CAN A CORPORATION COMMIT WRONGDOING SEPARATE FROM ITS D&Os?
A corporation obviously may act only through its directors, officers, employees and agents. This raises the question whether the liability exposure of a corporation should be solely attributable to the conduct of the individuals who created that liability exposure. Two bases exist for allocating loss directly to a defendant corporation even though the corporation is a defendant by virtue of acts committed by its directors, officers, employees or agents.

First, a corporation is a separate legal entity which may act by itself and directly incur debts and liabilities independent from its directors and officers. For example, corporations may enter into contracts and incur obligations for which its D&Os are not legally responsible. In the eyes of the law, a corporation is a separate "person" which can independently act and incur liability. Corporations make disclosures and disseminate information, hire and fire employees, issue and foreclose on loans, etc. Liability exposure arising from these corporate acts should be allocated at least in part to the corporation even if the insured D&Os participated in those corporate activities.

Second, some corporate liability exposure may arise from the conduct of employees or agents of the corporation who are not D&Os and thus not insureds under the D&O policy. The corporation, not its directors and officers, may be vicariously liable for the wrongdoing of those uninsured person. In addition, D&Os who are not defendants may allegedly approve, acquiesce, participate or fail to properly respond to wrongdoing by defendant D&Os, thus also creating vicarious corporate liability.

WHAT HAVE COURTS SAID ABOUT ALLOCATION?
Relatively few courts have addressed allocation issues in the D&O insurance context, although the number of court decisions on this topic is steadily increasing. Courts have consistently relied that allocation is necessary if D&Os incur solely or jointly with others both insured and uninsured loss. Courts have not provided meaningful guidance, though, as to how allocation should be determined. The primary methods which have been recognized to varying degrees are summarized as follows:

Pro rata. Under a pro rata method of allocation, the loss to be allocated is simply divided equally among each of the defendants. For example, of the total loss is $5 million, which is jointly incurred by five defendants (four of whom are D&Os and one is the corporation), $4 million is allocated to the D&Os and $1 million is allocated to the corporation. Some courts have recognized that in applying this pro rata method, defendants similarly situated should be grouped together and treated as one. Thus, under the above example, the D&O defendants would be treated as one group if their conduct and basis for liability exposure was substantially similar. In that event, the loss would be split evenly between two groups, with $2.5 million being allocated to the D&Os.

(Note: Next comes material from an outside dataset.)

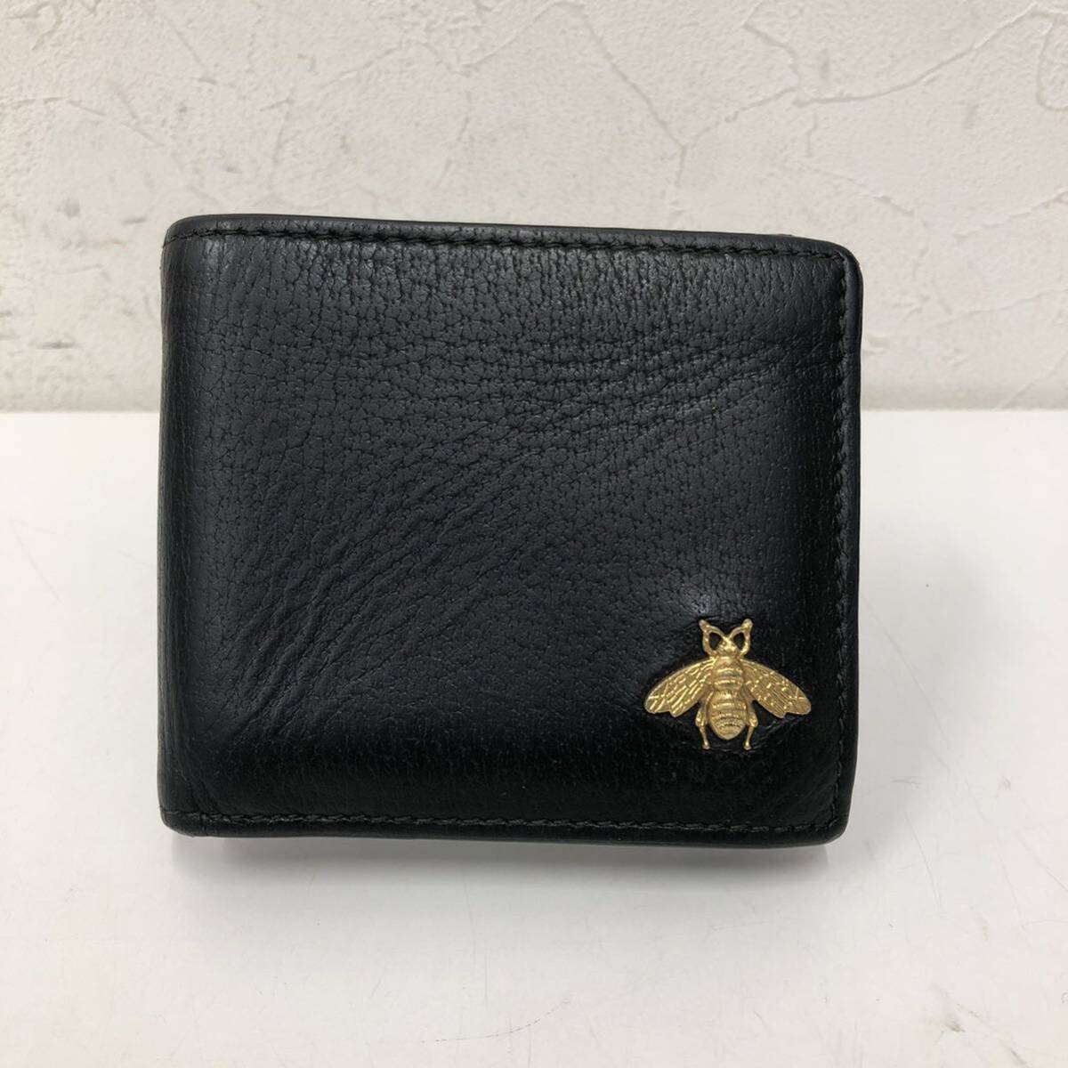 (21) GUCCI 二つ折り財布 アニマリエ グッチ レザー 財布 ブラック 黒 522915
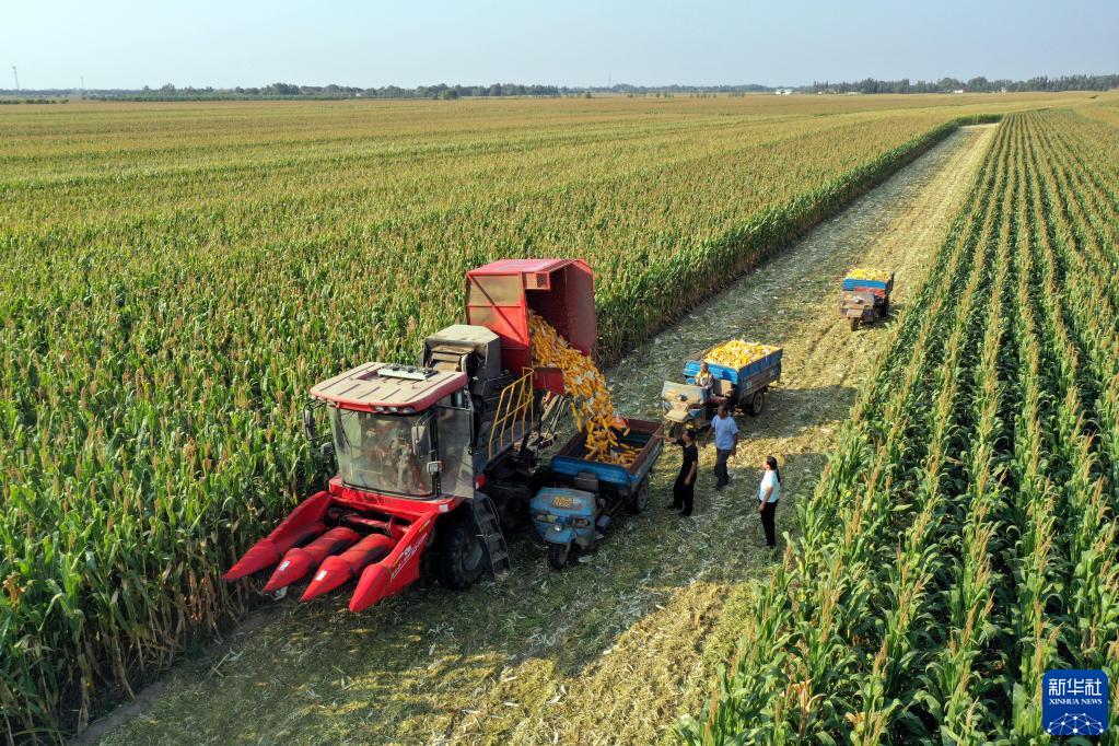 當日,山東德州樂陵市“噸半糧”核心區玉米開始收割,農戶運用大馬力收割機、翻耕機等現代化農機裝備進行勞作,田間地頭一派繁忙秋收景象。

The pro rata allocation approach frequently leads to inequitable results since it ignores the fact that various defendants do not normally have equal liability exposure and do not normally benefit equally from the defense and settlement of a lawsuit. Although the "grouping" approach tends to mitigate this inequity to some extent, it still results in rather artificial allocations which are not consistent with the unique facts and circumstances of each case. Accordingly, this methodology is not endorsed by many courts.

Relative Exposure/Benefit. This allocation method seeks to determine the relative liability exposure from the subject claim and the relative benefits incurred by the defendants in defending and settling the claim. Among other things, this method takes into consideration the allegations in the claim, the factual and legal support for the claims and the defenses of the defendants, the collectibility from each defendant, the benefits realized by the defendants in settling the case, the intent of the parties behind the settlement, and similar factors. This method results in a more equitable allocation of loss, but is extremely fact specific and somewhat subjective in its application.

"Larger Settlement Rule". A few courts have limited allocation to the corporation only to the extend that wrongful acts of uninsured parties increase the amount of the settlement. Thus, under this method, a portion of the settlement amount is not covered only to the extent that portion would not have been incurred absent wrongdoing by the uninsured parties.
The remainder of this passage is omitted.